Kız, kafasını omuzuna koyduğu adamın son nefeslerini dinleyip göz yaşları içerisinde üşümeye yüz tutmuş bedenini daha çok kollarına sardı. Ve ölümün yumuşak uykusuna kendisini de bıraktı.
Kız, annesinin iki kolundan tutulmuş babasının polislerle gidişini seyrediyordu. Abisi elinden tutup onu odasına götürdü henüz 4 yaşındaki kardeşine bakıp kalbinin saflığı kadar tebessüm edip iki eliyle kulaklarını kapattı, annesinin dışarıdaki feryatlarını duymasını istemiyordu.
Kendisi de 8 yaşındaydı büyük sayılmazdı ancak kardeşinin etkileneceğini bilecek kadar da büyüktü. Seneler, babalarının dostu tarafından uğradığı iftira ile cezaevine girmiş, annelerinin ise üzüntüden felç kalmış bedenine bakmak ile geçmişti.
Emin 18 yaşına gelmiş okulu bırakıp inşaatta çalışıyordu. Bir gün mola vermişlerdi ki bir iş arkadaşının cebinden çıkartıp diğerine verdiği küçük bir pakette içindeki beyaz tozu uzattığını gördü " o ne? " Diye bilgisizce sordu akranı gençler de birbirlerine bakıp " toz, ister misin ? " Diye sordular, çocuğun bu işi bulmasına yardım etmiş çocukluk arkadaşı Halil yanlarına gelip " öyle şeyler bilmez o, sen de sok şunu ortalıkta gösterme lan " diye sert çıkıştı. İş bitmiş Halil ile Emin evlerinin yoluna giden ortak yolun sonuna doğru gelmişlerdi ki
- Halil o toz dedikleri neydi
+ boşver
- söyle be ne olacak
+ Uy**turucuydu
- alkol gibi mi
+ Aynen, ama daha tehlikeli daha öldürücü sakın bulaşayım deme çok pis bir meret ona göre daha kurtulamazsın
Yol çatallaşınca vedalaşıp evlerinin yollarına dağıldı gençler, evine varınca her zamanki gibi kapıyı kardeşi açtı " hoşgeldin abi " abisi elini kızın yanağına koyup " hoşbuldum fıstık " deyip içeri girdi. Elini yüzünü yıkayıp mutfağa geçti. " Annem nasıl ? " Diye sordu genç kız bir iç çekip abisinin yüzüne bakmakta tereddüt etti ve sonra zorda olsa ağzından kelimeler döküldü " bu gün polisler geldi ... Babam intihar etmiş " Emin'in boğazında kalan lokma ile yanındaki suyu alıp kafasına dikti yıllar geçmiş ve babasının yüzünü dahi hatırlayamıyordu ama yinede keşke bişe yapabilsek diye düşündü ve annesine bakarak fısıldadı " annem biliyor mu " kız kafasını olumsuz salladı " ben de okulu bırakacağım, çalışacağım " abisi sinirle " hayır , okuyacaksın " demesiyle kız yemeği karıştırdığı çatalı bırakıp " ne sağlayacak bana.

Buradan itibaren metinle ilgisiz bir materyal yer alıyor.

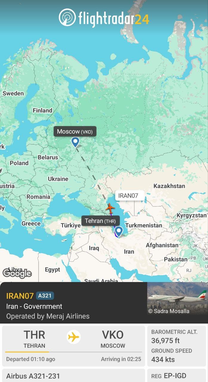 מטוס ממשלתי איראני המטיס בד"כ את בכירי המשטר האיראני, יצא מטהרן למוסקבה לפני זמן קצר.
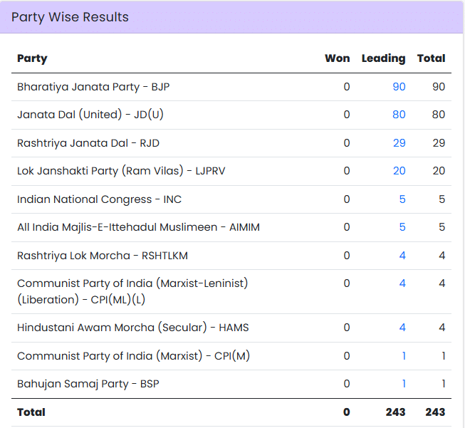 Bihar Assembly Results, Party Wise:
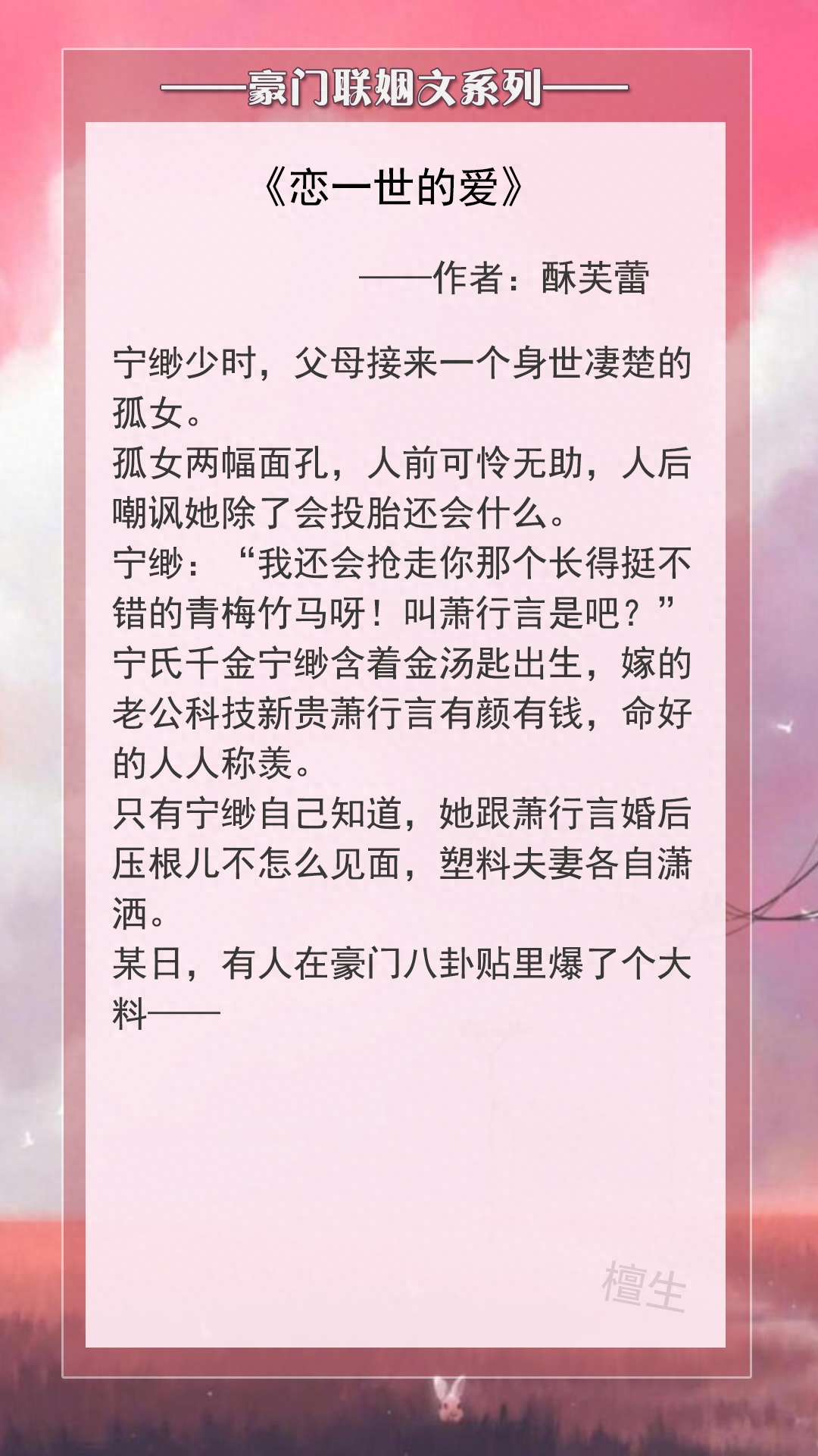 第三本:《恋一世的爱》 作者:酥芙蕾
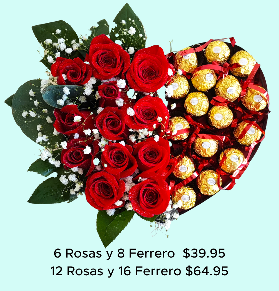Caja con 12 rosas rojas y 16 Ferrero Rocher. Un detalle especial para este día de las madre, No olvides obsequiar y ordena ahora los mejores modelos aquí en tu Floristería en Panamá.
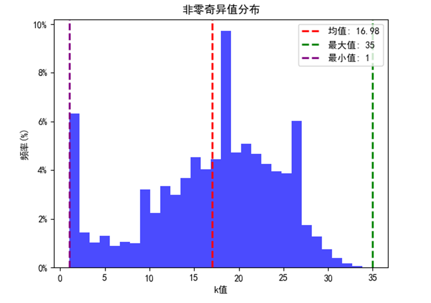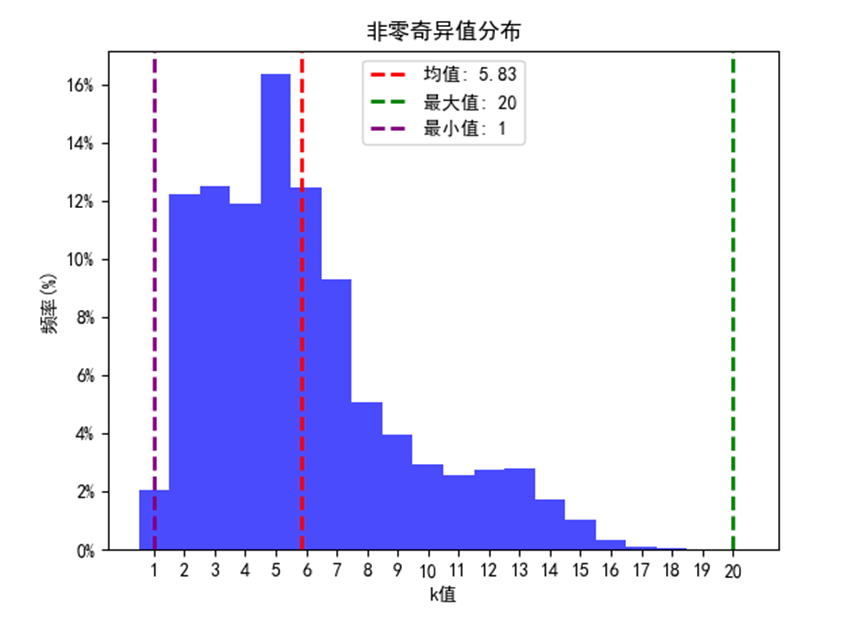 ICCAD-2019非零奇异值数量分布(1200*1200版图规格)
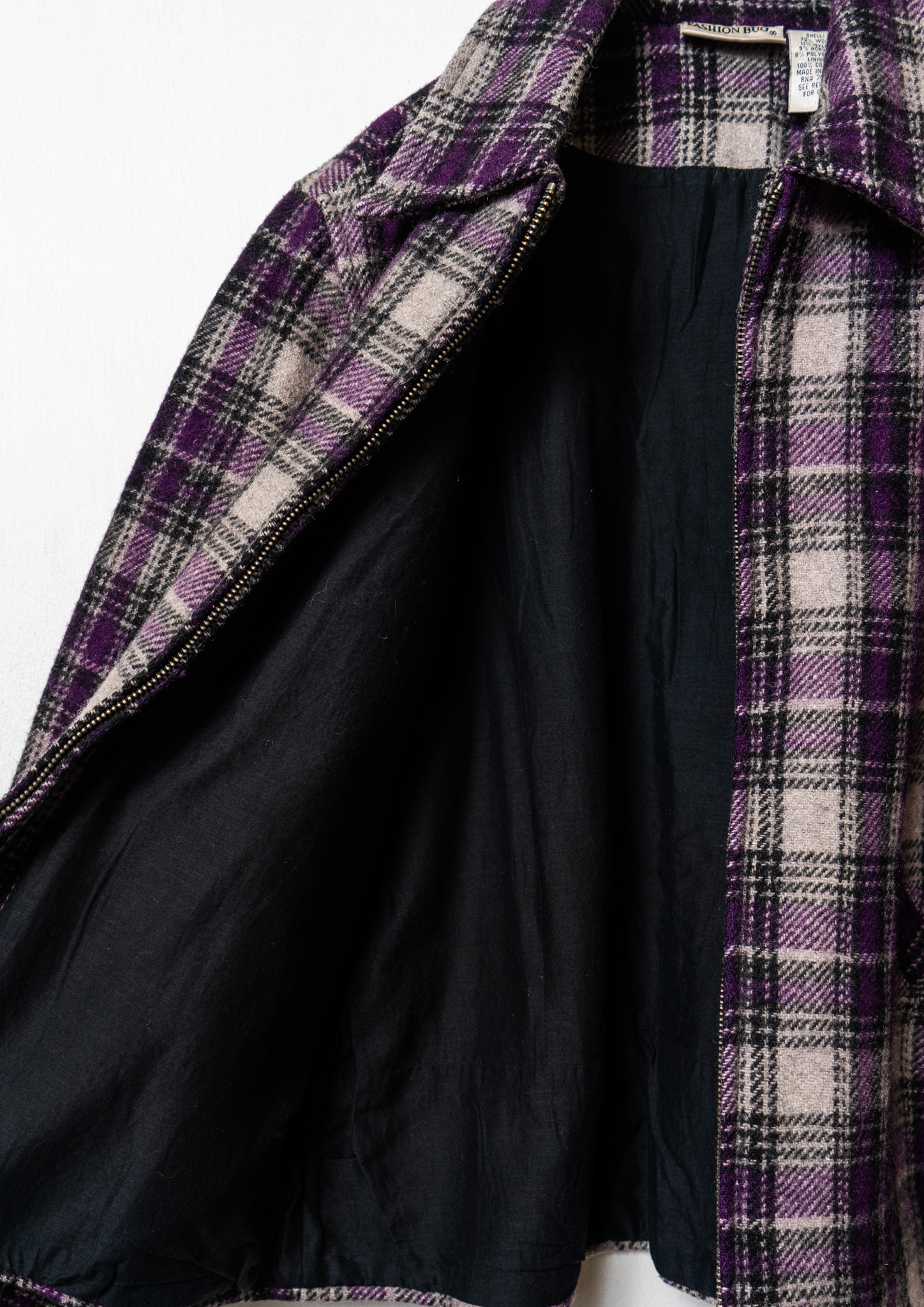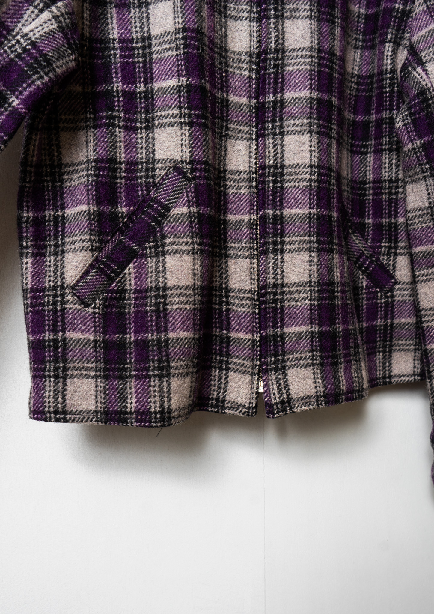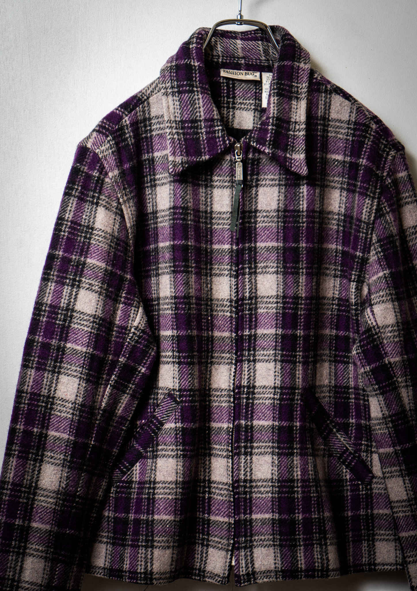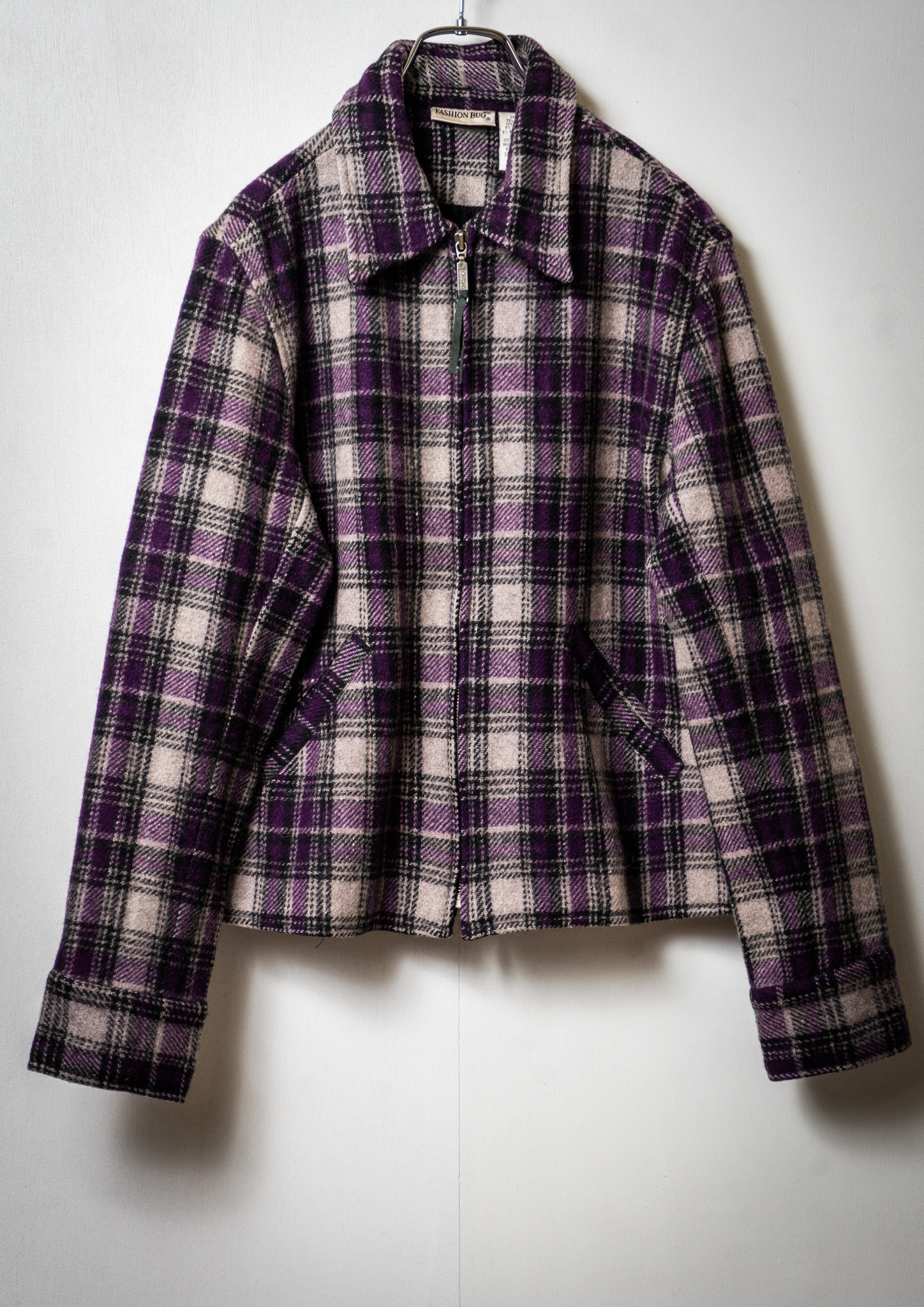 90's Double Pocket Design Check Pattern Purple Jacket
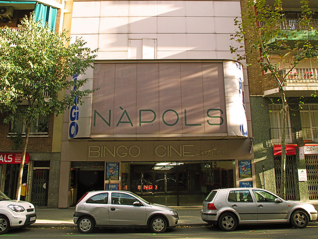 pantalla de 9×5 metros y equipada con sonido Magnasound, y la pequeña con 178 asientos y pantalla 7×3 metros, retornando a los programas dobles populares y con un bingo instalado en el sótano. Como curiosidad señalar que esta sala estaba decorada totalmente de color negro (menos la pantalla y el suelo) con la intención de conseguir un ambiente especial. El empresario Enric Pérez, responsable también de los Cines Verdi, quería ofrecer en el Nápoles una programación más popular que la que presentaba en las salas de Gracia. También comenzaron a programarse sesiones golfas, siendo especialmente populares las de cine de terror. En 1994 el cine Napoles inició una nueva política de programación a base de versiones originales subtituladas, remodelando la fachada, el patio de butacas, el vestíbulo, los lavabos y perfeccionando el equipo de sonido. En enero de 1995 catalanizó su nombre y remodeló de nuevo su fachada. A partir de entonces fue agonizando lentamente apostando por la programación infantil hasta su cierre en el verano de 2012.
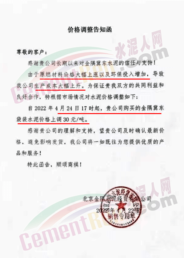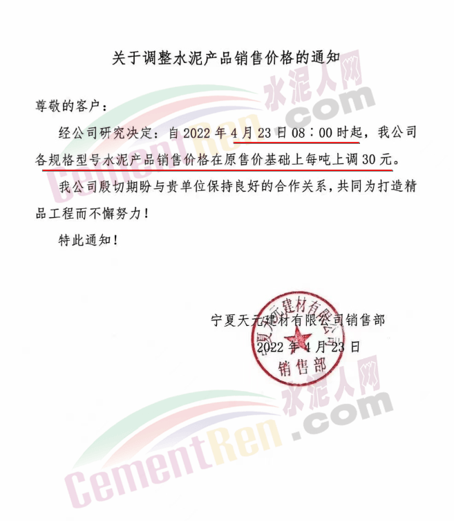 宁夏天元建材有限公司销售部通知,自2022年4月23日8时起,公司各规格型号水泥产品销售价格在原售价基础上每吨上调30元。
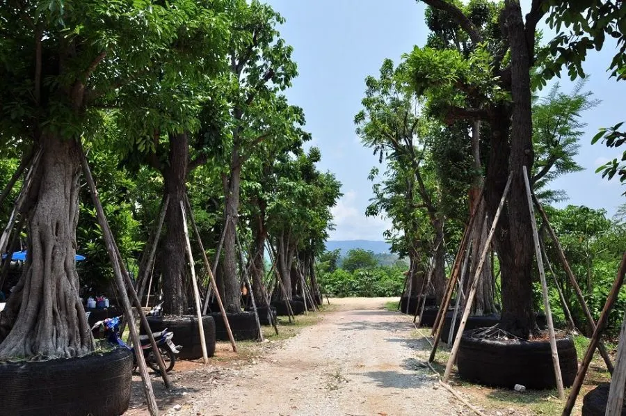 3. ในการจัดสวน นิยมใช้ไม้ที่มีขนาด 5-6 นิ้ว ในการนำไปส่ง ต้องใช้เครนยก ราคาจะเป็นเงินขนาดเส้นผ่าศูนย์กลางนิ้วละ 100 บาท ถ้ามีเส้นผ่าศูนย์กลาง 5 นิ้ว ก็เป็นเงินต้นละ 500 บาท ซึ่งเป็นราคาในไร่ ส่วนไม้ที่มีเส้นผ่าศูนย์กลาง 8-10 นิ้ว จะมีราคานิ้วละ 200 บาท ดังนั้นต้นที่มีเส้นผ่าศูนย์กลาง 10 นิ้ว ก็จะมีราคาต้นละ 2,000 บาทนั่นเอง
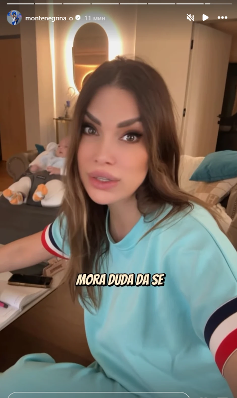 "Dake, kod bebe sve mora da bude perfektno. Evo crtani utišam li malo... Sve mora biti onako kako on misli da treba, iako nema ni tri meseca. Ili sam jednostavno takva majka koja voli da ugađa svome detetu? Uh, mislim da jesam. I šta ću... Nepopravljiva sam. I čak sam juče plakala zbog ove situacije sa mlekom, kako ne jede, kako mojoj drugarici jede 12, ovoj jede 100, meni neće ni 50... Da mi je neko rekao, ljudi, da ću plakati zbog mleka, ne bih mu verovala, ali evo jesam... Pišem kad je šta jeo, i da znate da sam luda, da imam svesku gde pišem kad je beba šta jela, kad sam mu dala šta da pije jer ja to sve zaboravim...", dodala je Crnogorac, a uz to se i našalila:
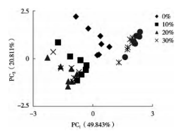 核桃油中掺入菜籽油的PCA分析图如图2所示。结果表明,第1主成分(PC1)的贡献率为49.843%,第2主成分(PC2)的贡献率为20.811%,2个主成分的总贡献率达到70.654%(>70%),表明所提取的信息能够反映原始数据的大部分信息。纯核桃油和其他掺假样品的数据点分布较远,区分明显,但是掺入菜籽油质量分数10%~50%的掺假样品的数据点分布较接近,各区域重叠严重,难以区分。这说明电子舌技术结合PCA分析方法可将掺假核桃油与纯核桃油区分开来。

Annem öyle yatıyor, babam artık dönmeyecek cenaze işlemlerine başlayın dediler benim sınıftaki Esma evde dantel yapıp satıyor, bak kirayı zor ödüyoruz, faturalar, ihtiyaçlar derken çürüyoruz abi " abisi bu sözlerin karşısında boğazına yumru oturmuştu kız kardeşi okuyacaktı ne olursa olsun. Hil inatçı bir kızdı abisi merakla sordu " ne iş yapacaksın ? " kız kafasını yemekten kaldırıp " üst kattaki Neriman abla varya onlar köye gidecekmiş bakkala bakacak birini arıyorlar, bizden başka da tanıyıp güvendikleri biri yok bizim de durumu biliyorlar " Emin bitiremediği yemeğini tencereye döküp tabağına su tuttu ellerini tezgaha koyup " tamam " deyip arkasına döndü, ellerini önünde birleştirip " sana da bir şey olursa yaşayamam " dedi kaşlarını çatıp, ama o ifadenin altındaki bakışlar yorgundu.
Henüz çocuk olan bu kardeşler hayatın kötü yüzünü görmüşlerdi. " Biz dışarıya çıkıp geliyoruz tamam mı sende uyu aklın bizde kalmasın " deyip saçlarını okşadı annesinin ve alnından öpüp bahçede bekleyen abisine yetişti. Gömülmeyi bekleyen yüzünü bile hatırlamadıkları babalarının cesedini aldılar. " Abi bu mezar için parayı biriktirdiğimizden mi aldın " Emin " hayır " deyip sıkıntıyla iç çekti " Halil den borç aldım, anneme sözüm var o paraya daha ekleyip ameliyat parası olarak kullanacağız "
O sırada Halil yanlarına yaklaştı ve " Emin bir gelsene " genç, kafasını kaldırıp Halil'e baktı ve birlikte yürümeye başladılar " bir iş var, kişi başı 10 bin dolar " Emin hayatında hiç böyle bir para miktarı görmek bi yana dursun hayalinde bile kurmamıştı kendini yalnız kardeşi ve annesine adayıp dünyevi zevkleri bilinçsizce reddetmişti;
+iş ne
-bir teslimat var kargo gibi düşün, birine ulaştırmalıyız
+Halil ne işi bu bu kadar para veriyorlar
- olum 10 bin dolar diyorum gerisine karışma, parayı al anneni de ameliyat edersin yeni ev bile alırsın.
Emin tedirgin oldu bunun iyiye işaret olmadığını hissediyordu " sadece ikimiz, bana güvenmiyor musun " deyip elini omuzuna koyup aralarındaki mesafeyi kapattı " sen benim tek dostumsun elbet güveniyorum ama bilemedim " " bu gece 11 gibi benim eve gel anlatacağım " Emin kafasını sallayıp kardeşinin yanına döndü.
Akşam olmuş Emin, halil'in yanına gitmişti.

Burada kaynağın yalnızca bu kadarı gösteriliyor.